If you asked me to make a list of things that government does really well and at a good value, I would be hard pressed make a long list. The military does fairly well, but it is so micro-managed by lawmakers, that the fact that our personnel can get any job done with what Congress has 'given' to them is a testament to their tenacity. Fire and rescue works out pretty well, too. But then I start looking at the Post Office, Medicare with all of its fraud, expensive and poorly built roads, DMV, Fannie Mae, TARP, etc. and I get sick thinking about what will happen if Nancy, Harry, Barnie, Chris, Steny and the rest start fixing medicine the way they fixed the financing of housing (which is what REALLY started this whole finance mess.)

I honestly don't think that anything they do on Capitol Hill will make anything better. Seriously. These are the same people that think Cap and Trade will fix "manmade global warming". But, if I could wave a wand and make something magical happen, I think that this would be what I would do: FOLLOW THE MONEY.

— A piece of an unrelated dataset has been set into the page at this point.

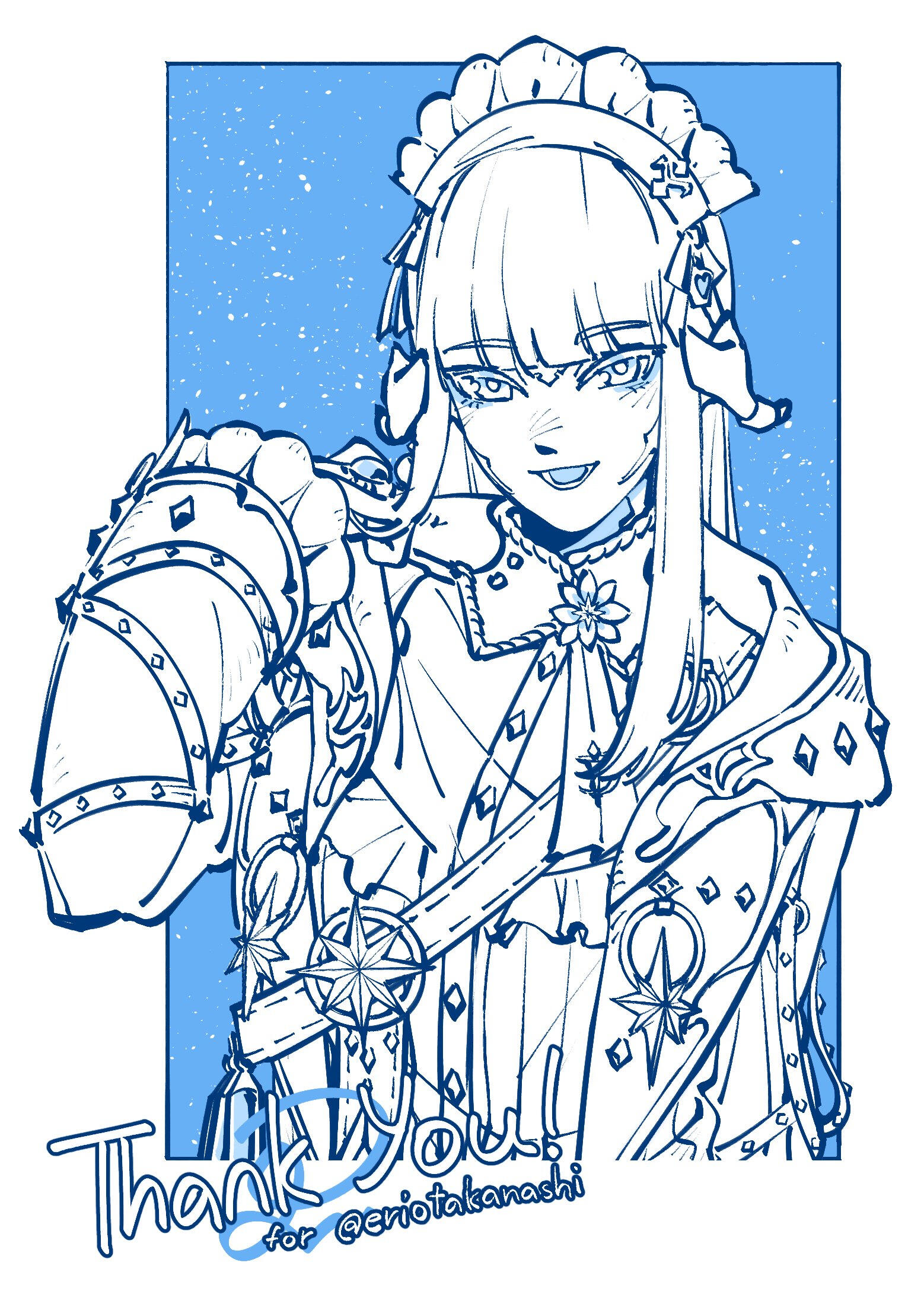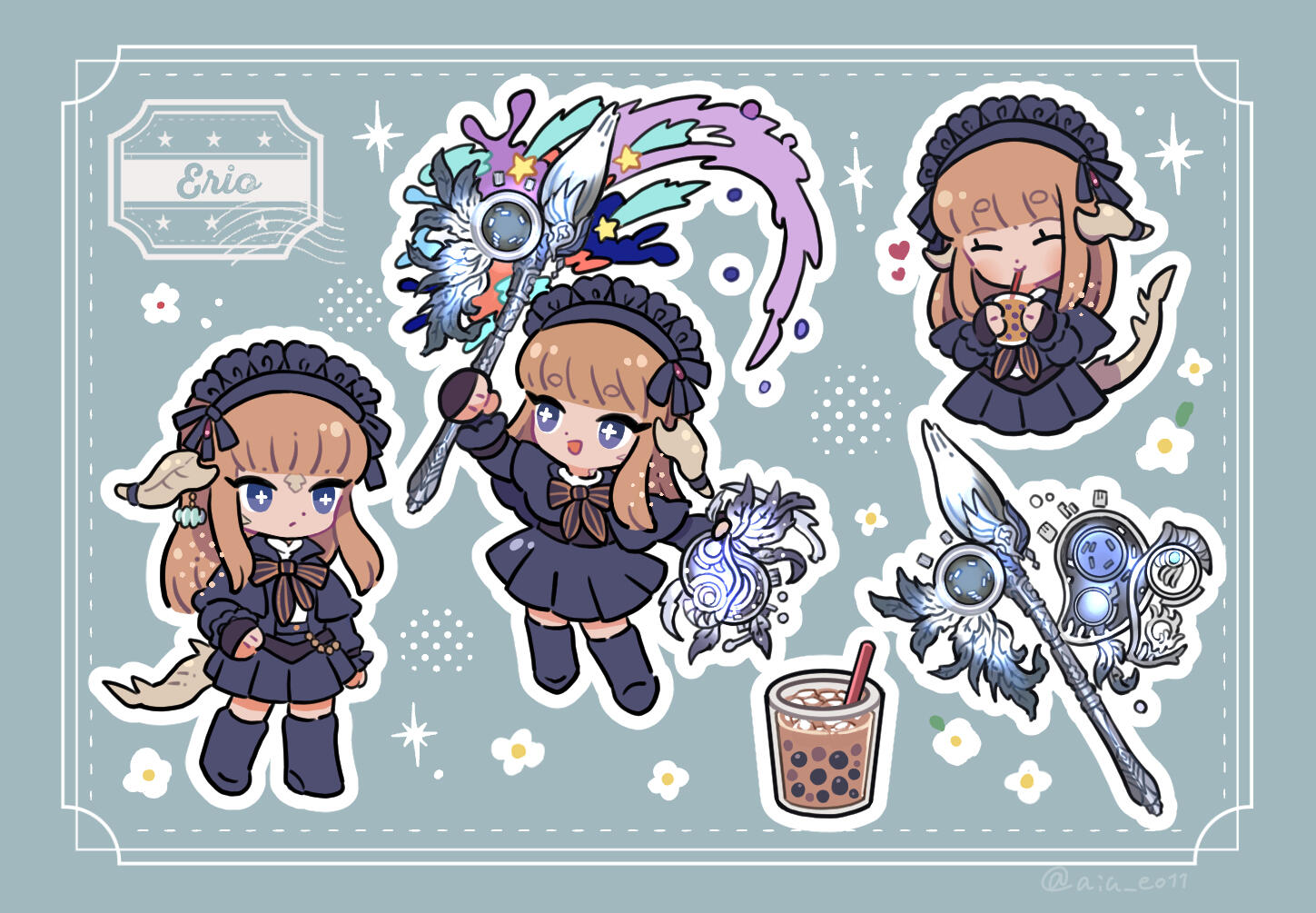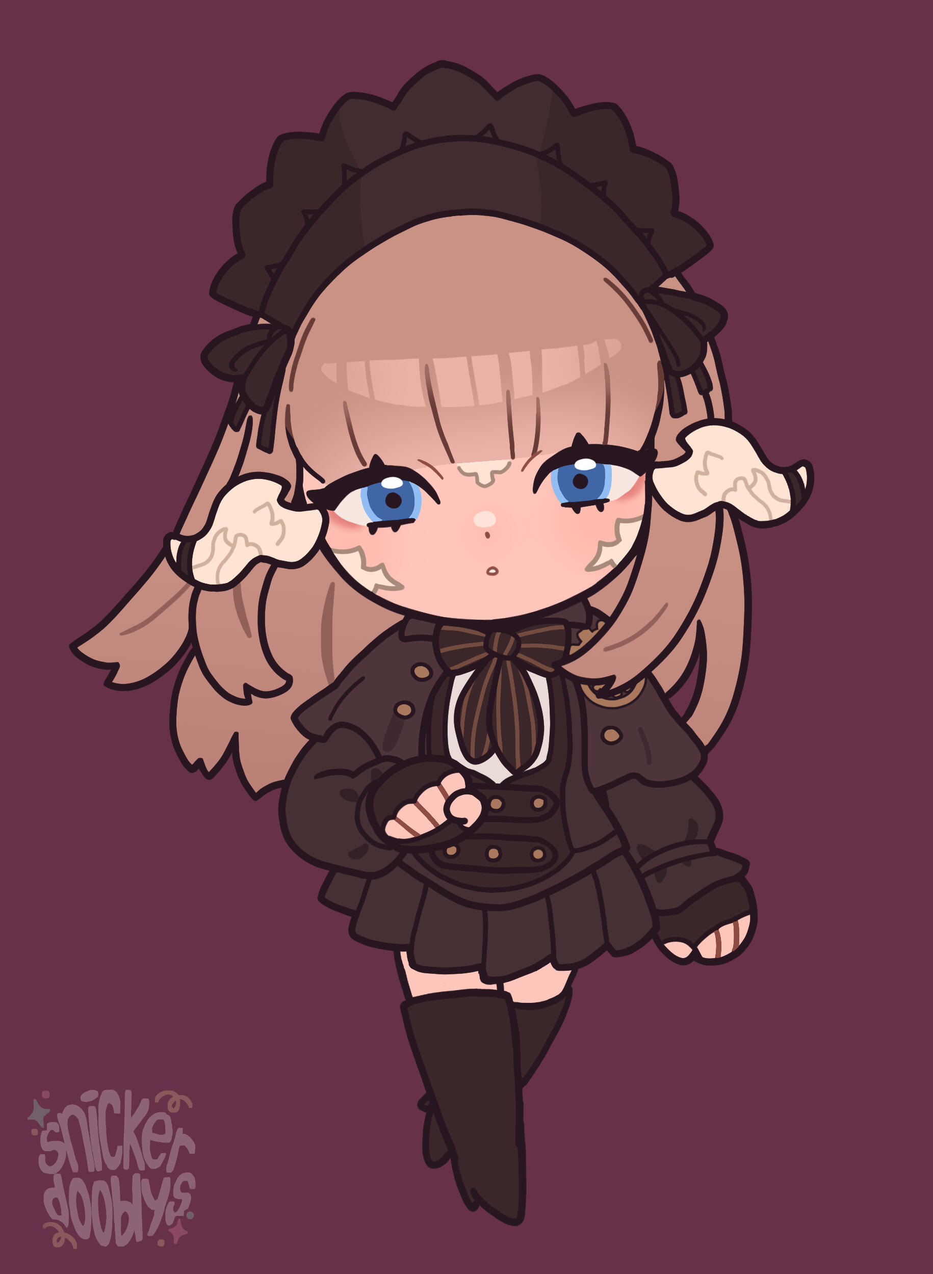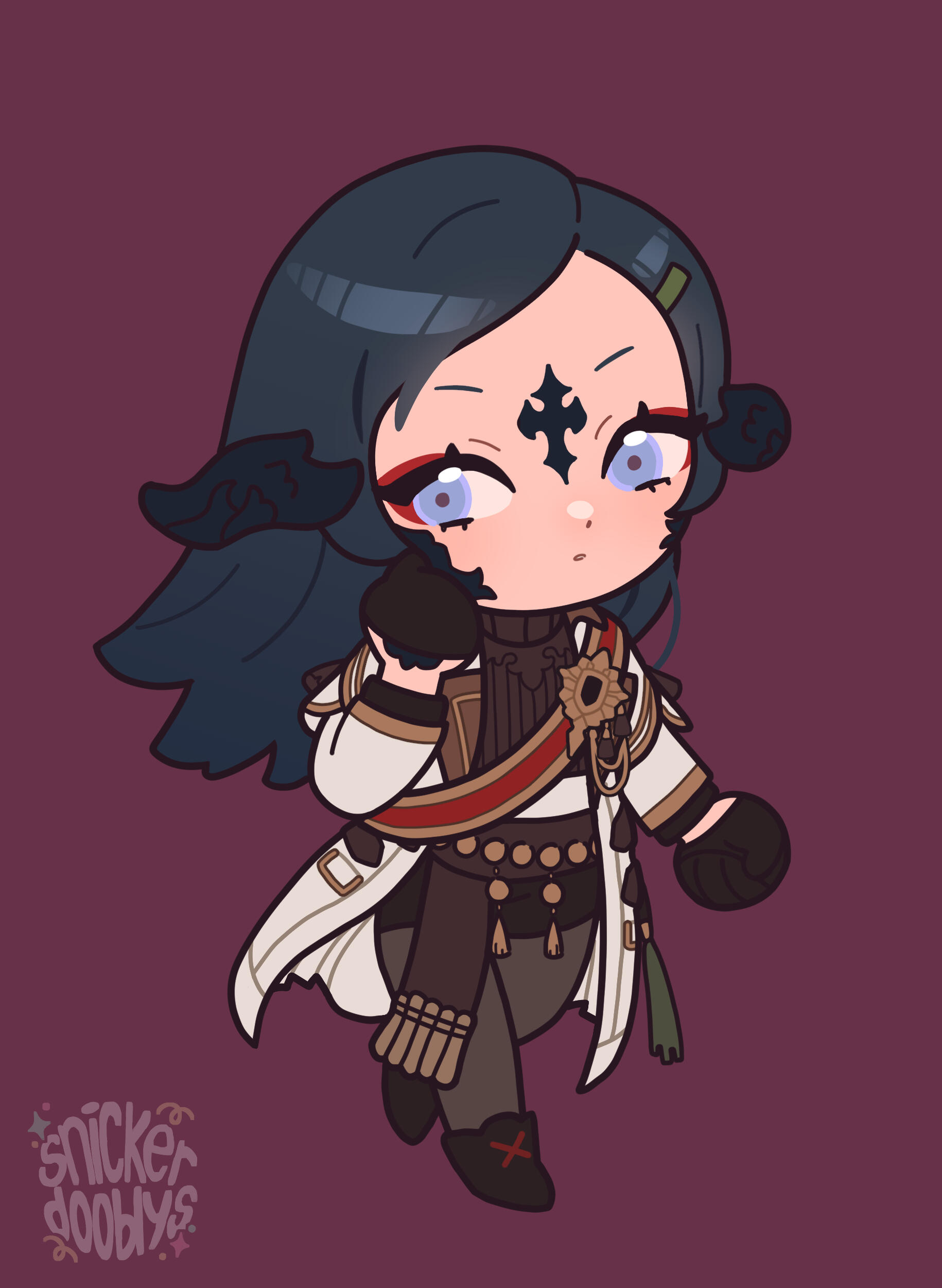 Erio is a petite, lithe woman with fair complexion and sapphire eyes. The Raen has light brown hair styled in a hime cut, though it is not unlikely to see it fashioned differently to suit the occasion.She is reserved in appearance and personality, electing to dress feminine and elegant. Some of Erio's favorite accessories include glass pumpkin and firecrest earrings, an eternity ring; she may choose to forgo silver horn ornaments.

That would be the basis of all regulation. Just FOLLOW THE FREAKIN' MONEY. The government has statistics on how much money goes in and comes out of just about everything. If it looks like some one or some thing is making too much money, check it out. Immediately. Don't wait 4 years for an investigation to be approved. Just start looking. Nothing wrong with looking is there? Making a LOT of money is a sign of one of two things: no competition or illegal activity. If it illegal, shut it down. Quickly. If there is no competition, find out why. (Maybe we should put TMZ on the case...)

Then there is the iPod Syndrome.

There are a ton of MP3 players on the market. 99% of them suck. In spite of being controlled like a Taliban wife by Apple, the iPod is still a superior product and as such can demand a higher price and people are more than willing to pay that higher price. Because there is competition in the MP3 market, the government watchdogs would give it a pass.

However, if a Morgan Stanley can make $3 Billion profit in one year and give away $750 Million in bonuses to managers and arbitraguers, then I would send in the sniffers and they had better find SOMETHING.

Also, I would allow the sniffers to sniff Congress and the Executive branch as well as business. What's good for the goose...

It is really just common sense. That is why I know that it will never come to be.